If You Think Your Husband Is Trying To Kill You, Try Writing Elle Magazine For Advice


What do you do when you think your unemployed husband is slowly poisoning you to kill you off and get a hold of your assets? Why, write to an advice columnist, of course.

Advice columnists at Elle Magazine were certainly surprised when they received a letter from “Losing Sleep,” confessing that she believed her husband was killing her by putting poison in her coffee and in her expensive lotions. All “Losing Sleep” wants to do is catch the scoundrel, and asks columnist E. Jean Carroll if she could recommend an easy-to-use (and easy to hide,) camera that she can use to try to catch her husband in the act. The writer confesses that she thinks her husband found the video camera she initially hid in their bathroom, and dismantled the evidence.

Carroll’s advice? Get out. “Your marriage is over,” the columnist writes.

The initial letter from “Losing Sleep” reads, in part, as follows:

“I suspect he’s putting something in my coffee.

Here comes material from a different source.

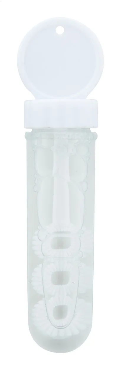 Bubble blower in coloured plastic. With 30 ml bubble liquid.

I notice it smells funny, and when I drink it, my eyes get super puffy and swollen. I suspect he’s also adding stuff to my lotions and bath products, which created brown discolorations on my skin. My legs look as if they’re covered in snakeskin…These are expensive, high-end products that I know from experience work well. My suspicions have been further aroused since he’s started ranting about my ‘using chemicals.’

Last month I purchased a small camera and hid it in the bathroom, but I think he discovered it and deleted the files. So I moved it to a new location, and he put something in front of the lens. I need help. I’ve been married to this man for 11 years! I don’t know what to do! I’m freaked out!

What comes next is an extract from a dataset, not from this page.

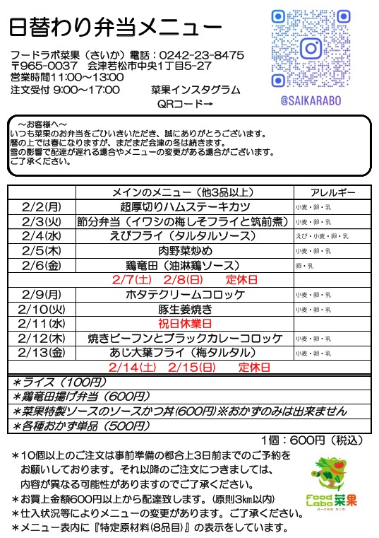 2026.1.28 菜果メニュー更新しました!
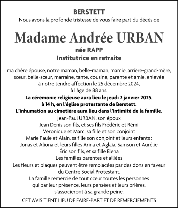 Décédée à Brumath (67170, France) le mercredi 25 décembre 2024 à l'âge de 88 ans

I have a successful career and own significant assets. He doesn’t work. Obviously, if he wanted to kill me, he’s had plenty of chances. So my questions: Can you suggest a camera that might be more user-friendly and more easily concealed?”

Carroll’s reply is short and to the point, although she does throw in a bit at the end in the husband’s defense. You know, just in case he’s not a crazy murdered.

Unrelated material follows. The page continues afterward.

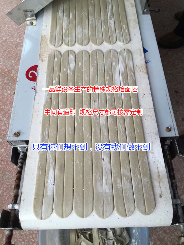 設(shè)備功能:雙輥三刀,每排可出6片面,配套有380伏或220伏電機。產(chǎn)品賣相好,面坯更筋道,可生產(chǎn)橢圓形、棗核型燴面坯,面坯重量厚度可調(diào)、自動刷油、自動處理廢料。面坯尺寸可定制。另可定制750.型,1000型,特大高產(chǎn)型燴面機,適用于面食加工廠大批量批發(fā)使用。避免以往老機型廢料不回收,刷油、即浪費食用油、又影響面坯質(zhì)量等弊端。可定制即可刷油又可撒淀粉的特殊機型。

“Your marriage is finished.

Pack up the evidence (you won’t soon be coming back), and go see if your accounts are in order. A husband who tampers with a wife’s moisturizers will tamper with her money. While you’re at the bank, after you’ve looked into your investments, retirement funds, etc., now may be the time to move resources from any joint accounts into your personal ones, strike his name from credit cards, and so on.

After going to the bank, visit your attorney – your new matrimonial attorney – and give her the sham shampoos, bum bath oils, a copy of the hard drive of your husband’s computer, detailed notes on his ‘rants’ about ‘chemicals,’ and so forth. She’ll accompany you when you go to the police.

NOTE: One is never quite sure of husbands these days. It may turn out the fella was putting castor oil in your coffee in a flaky attempt to protect you from chemicals.

Really, the best part about the letter is the very end. After admitting that she’s been married to this supposed monster for over ten years, and suspecting that he wants her dead, her question: What’s a good spy-gear video camera? Not “Should I call the police?” Not even a naive, “Do you think counseling would help?” But “How can I catch this bastard?” Seems to me, Carroll was right. This marriage is over.

What do you think of this wife’s question? What would you do in her situation?